◆ Required action
Would you please repeat, word for word, only the lines from the one holding "Mexen Nita baignoire" through the one holding "סט מצעים למיטת יחיד דגם מיקי אחד ויחיד" in the material below, without the pictures?

◆ Information

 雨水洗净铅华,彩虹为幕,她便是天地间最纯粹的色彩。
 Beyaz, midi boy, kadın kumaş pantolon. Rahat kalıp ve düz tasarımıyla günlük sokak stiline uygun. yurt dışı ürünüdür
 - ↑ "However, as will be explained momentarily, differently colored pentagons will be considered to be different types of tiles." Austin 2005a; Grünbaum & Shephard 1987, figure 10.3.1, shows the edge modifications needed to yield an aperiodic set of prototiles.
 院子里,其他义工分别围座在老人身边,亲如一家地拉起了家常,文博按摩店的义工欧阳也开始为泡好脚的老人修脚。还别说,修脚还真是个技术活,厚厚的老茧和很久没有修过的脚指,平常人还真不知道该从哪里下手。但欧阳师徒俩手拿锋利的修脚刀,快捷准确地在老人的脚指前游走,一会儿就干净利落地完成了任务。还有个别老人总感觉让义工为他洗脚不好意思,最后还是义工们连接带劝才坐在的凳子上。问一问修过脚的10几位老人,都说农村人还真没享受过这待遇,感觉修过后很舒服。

--

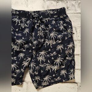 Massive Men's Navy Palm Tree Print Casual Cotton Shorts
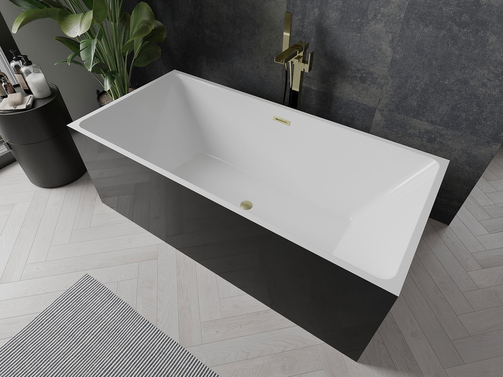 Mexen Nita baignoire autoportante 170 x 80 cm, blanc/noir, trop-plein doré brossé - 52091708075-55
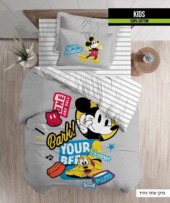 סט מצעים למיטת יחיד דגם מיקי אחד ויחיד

--

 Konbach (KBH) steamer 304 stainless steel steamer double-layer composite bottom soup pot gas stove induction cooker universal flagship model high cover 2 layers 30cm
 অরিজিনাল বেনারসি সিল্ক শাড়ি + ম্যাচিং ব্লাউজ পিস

◆ Result of this task
 Mexen Nita baignoire autoportante 170 x 80 cm, blanc/noir, trop-plein doré brossé - 52091708075-55
 סט מצעים למיטת יחיד דגם מיקי אחד ויחיד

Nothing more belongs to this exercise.